Цеся поглядела вокруг и увидела только плакаты с кинорекламой. Потом она дала некоторую волю воображению и увидела худое лицо с большим носом, впалыми щеками и светлыми глазами в длинных ресницах.
— Нет, не вижу, — решительно сказала она. — Ни одного.
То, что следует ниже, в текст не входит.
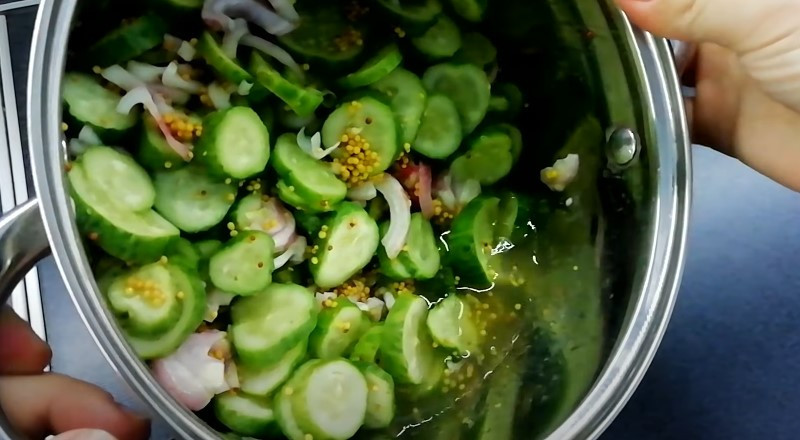 Вкусный зимний салат из огурцов с горчицей
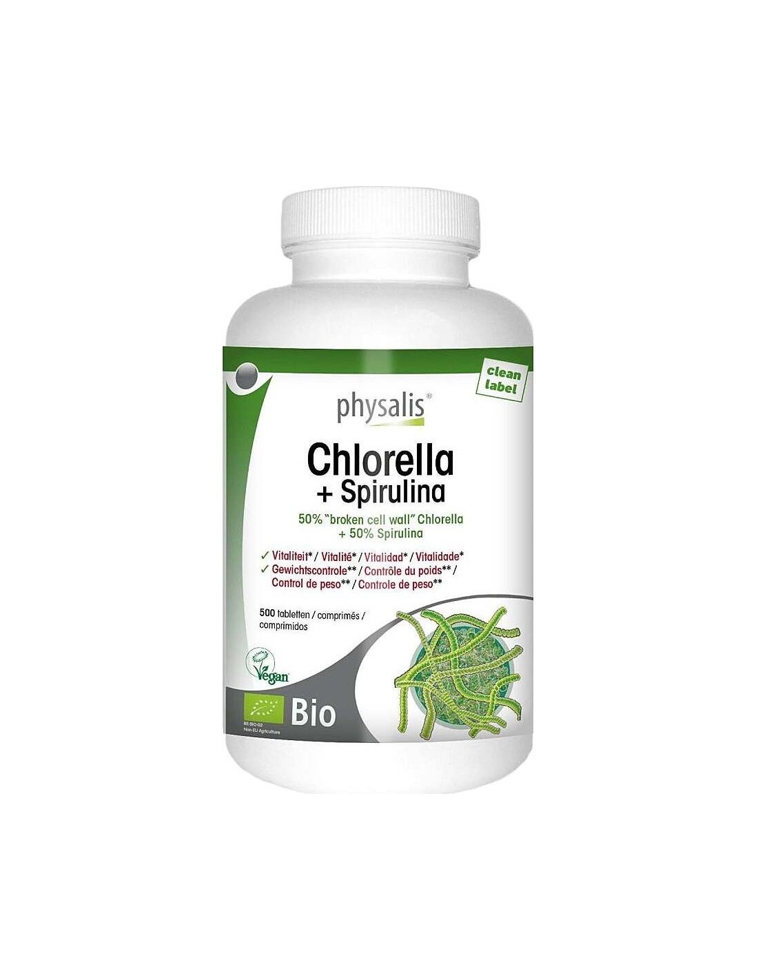Chlorella+Spirulina 500Comp. Bio de Physalis

— Вот именно. — Данка закрыла тетрадь и быстро догрызла яблоко до конца. — Где его, такого, найдешь — и чтоб интересный был, и чтоб в то же время тебя понимал?
— Я бы не стала так много требовать, — сказала Цеся мечтательно. — Вовсе не обязательно, чтоб он меня понимал.
— Ну конечно, — буркнула Данка. — Когда и понимать-то особенно нечего…
— Что? — рассеянно переспросила Цеся.
— Ничего.
— Знаешь что?
— Пока нет.
— Я бы могла влюбиться без взаимности, — призналась Цеся. — Если хорошенько разобраться в своих чувствах, можно прийти к выводу, что неважно, любят ли меня, — важно только, люблю ли я.
— Ты что!
— Серьезно.
— Ну, а твой бородач? — полюбопытствовала Данка. — Он ведь довольно интересный, нет?
— Не-ет, — сказала Цеся. — Нисколечко.
— Хорошо одевается…
— Дурак он.
— Почему дурак?
— Спорил, что «Кориолана» написал Верди.
— А не он написал?
— Нет.
— Действительно. Зачем спорить?
Цеся перевернула пластинку на другую сторону и снова плюхнулась на матрас.
— Здорово здесь, — сказала она. — Ничегошеньки делать не хочется.